ただし、オメガ3系の油は酸化しやすい特徴があり、加熱すると効果が減ってしまいます。そこで、オメガ3系の油を使う際には、ドレッシングとしてサラダにかけたり、米粉で作ったパンに塗ったり、野菜ジュースに混ぜて食べたりするのがお勧めです。

グルタミンを積極的に補給する

リーキーガット症候群の治療に役立つ栄養素としてグルタミンがあります。グルタミンとはアミノ酸のひとつです。グルタミンは小腸の栄養源になったり、腸が活発に働くようにサポートしたりします。また、筋肉の強化や疲労の回復を促すほかに、免疫細胞を増やすことで免疫力を高める役割を果たしています。

リーキーガット症候群の人では、腸の細胞が壊れて大きなダメージを受けているため、グルタミンを積極的に摂取することで腸の回復を早めることができます。

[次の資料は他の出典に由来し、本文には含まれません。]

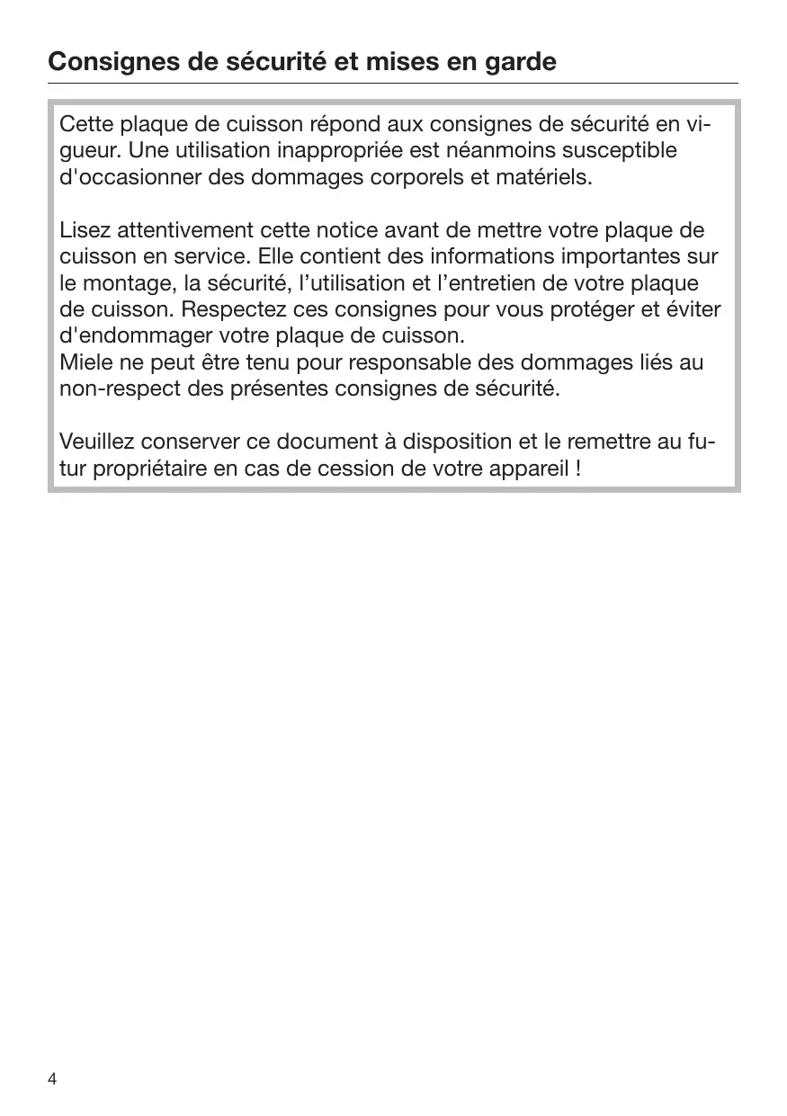 Consignes de sécurité et mises en garde Cette plaque de cuisson répond aux consignes de sécurité en vigueur. Une utilisation inappropriée est néanmoins susceptible d'occasionner des dommages corporels et matériels. Lisez attentivement cette notice avant de mettre votre plaque de cuisson en service. Elle contient des informations importantes sur le montage, la sécurité, l’utilisation et l’entretien de votre plaque de cuisson. Respectez ces consignes pour vous protéger et éviter d'endommager votre plaque de cuisson. Miele ne peut être tenu pour responsable des dommages liés au non-respect des présentes consignes de sécurité. Veuillez conserver ce document à disposition et le remettre au futur propriétaire en cas de cession de votre appareil !

また、グルタミンはストレスやハードな運動、風邪によって大量に消費されてしまうことが知られています。グルタミンが不足すると免疫力が損なわれるリスクがあります。そのため、グルタミンが不足しないように、日常的にグルタミンを補給することが大切です。

グルタミンは大豆、海藻類、肉、魚、卵、アーモンド、トマトなどの食品に多く含まれています。しかし、グルタミンは熱を加えると性質が変化してしまうため、魚は刺身で食べ、海藻やトマトなどは野菜サラダとして食べるのが良いとされています。

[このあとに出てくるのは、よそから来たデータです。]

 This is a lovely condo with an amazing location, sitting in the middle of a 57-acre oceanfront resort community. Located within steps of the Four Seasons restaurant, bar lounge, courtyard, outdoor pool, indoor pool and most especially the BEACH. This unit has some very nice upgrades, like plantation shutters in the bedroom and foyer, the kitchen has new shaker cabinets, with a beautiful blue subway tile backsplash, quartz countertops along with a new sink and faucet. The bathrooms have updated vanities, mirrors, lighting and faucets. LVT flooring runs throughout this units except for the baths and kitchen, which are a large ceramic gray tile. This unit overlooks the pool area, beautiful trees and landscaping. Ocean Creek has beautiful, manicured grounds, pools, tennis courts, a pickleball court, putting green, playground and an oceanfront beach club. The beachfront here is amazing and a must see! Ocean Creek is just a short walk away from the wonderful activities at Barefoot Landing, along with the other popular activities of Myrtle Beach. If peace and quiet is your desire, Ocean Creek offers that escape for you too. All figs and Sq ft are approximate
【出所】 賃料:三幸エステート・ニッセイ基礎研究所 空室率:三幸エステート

しかし、こうした食品を食べるときに、ドレッシングに「お酢」が使用されていると、お酢の酸性成分によってグルタミンが変性してしまい、グルタミンの栄養素が減少してしまいます。そこで、塩やしょう油に付けて食べるように工夫しましょう。

大豆、海藻類、肉、などの食品は加熱して食べる場合が多いので、生の状態で食べることが難しいです。そうした中でも「しらす干し」や「きな粉」はあまり火を使わずにグルタミンを手軽に摂取することができます。

また、上記の食品を摂取する以外に、グルタミンのサプリメントを直接摂取することで、効率的にグルタミンを補給することが可能です。

善玉菌を増やす食品群を摂る

腸内には100兆個から1,000兆個の腸内細菌が住んでいると考えられています。こうした腸内細菌で善玉菌(ぜんだまきん)、悪玉菌(あくだまきん)、日和見菌(ひよりみきん)が適切なバランスで存在していると、健康な体を築くことができます。

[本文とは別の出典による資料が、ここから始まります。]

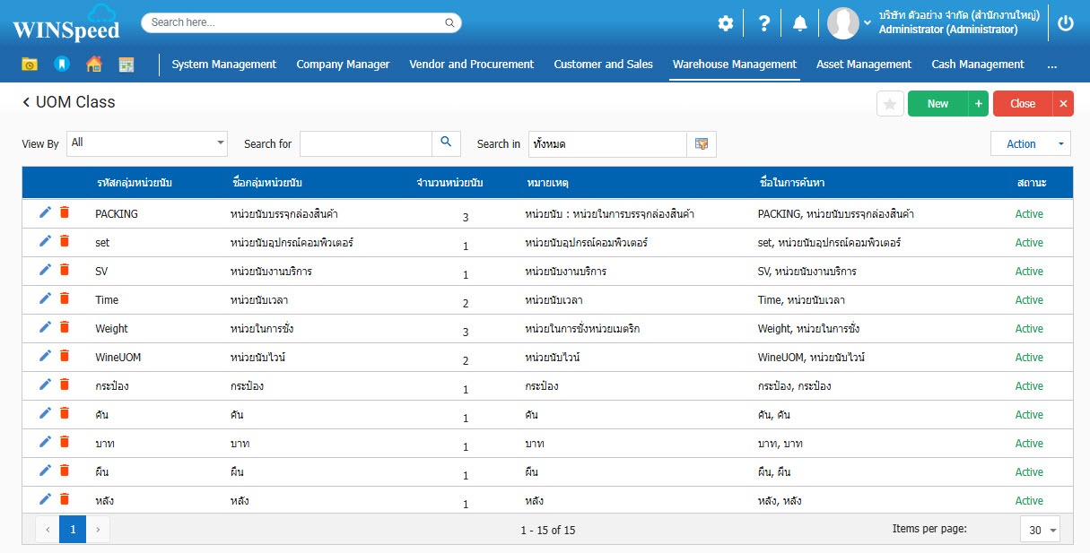 กำหนดกลุ่มหน่วยนับสินค้า (UOM Class) เป็นหน้าต่างสำหรับกำหนดกลุ่มหน่วยนับสินค้า ซึ่งมีการกำหนดหน่วยนับฐานและหน่วยนับ

善玉菌とは体にとって良い働きをする菌です。悪玉菌は、腸内に住んでいる割合が少ないとおとなしいですが、増えすぎると体にとって悪い働きをする菌です。日和見菌は、善玉菌と悪玉菌の数が多い方に味方する菌です。悪玉菌が多いと、日和見菌は悪玉菌になびいて様々な悪さをはじめます。

リーキーガット症候群の人は、腸粘膜の細胞が壊れているために善玉菌が腸内に定着しておらず、数が少なくなっていることが考えられます。そこで、善玉菌を増やすような食品を摂るように心がけましょう。

善玉菌を増やす食品には、納豆、ぬか漬け、味噌などがあります。こうした食品には、善玉菌の1種ある乳酸菌(にゅうさんきん)やビフィズス菌が豊富に含まれています。

一般的にヨーグルトやチーズ、キムチなどにも乳酸菌やビフィズス菌が含まれ、善玉菌を増やす食品として馴染みがあります。

しかし、リーキーガット症候群の原因であるカンジダのもとになったり、カゼインが含まれていたりします。こうした食品を摂取をする際には、食べたあとに具合が悪くならないか様子をみるようにして下さい。

人によっては、冷たい牛乳を飲むと下痢や吐き気が出たとしても、チーズやヨーグルトなどの発酵されている乳製品であれば影響がでない場合があります。キムチや漬物なども製造方法や種類によって、体に影響が出る場合があれば、出ない場合もあるようです。

個人の体質によって症状が出たり、出なかったりするので、こうした食品を少しずつ食べてみて自分の体調がどう変化するのかを知っておくようにしましょう。自分と相性の悪い食べ物を事前に知っておけば、そうした食品を避けることができるため、自分自分の健康管理が楽になります。

このほかに、善玉菌のエサとなる食物繊維を摂るのも有益です。大豆やアーモンド、おから、あずき、グリンピースなどに、食物繊維が豊富に含まれています。

リーキーガット症候群を改善するには、こうした食品を食べた後に自分の体調や便の状態を観察し、どんな食品が自分の腸内環境を回復するのに役立つのか慎重に判断して下さい。

この病気を治療するには、食事が治療の成果を左右します。壊れてしまった腸の粘膜細胞をできるだけ早く修復できるよう、自分の体質に合った食事のパターンを見つけていって下さい。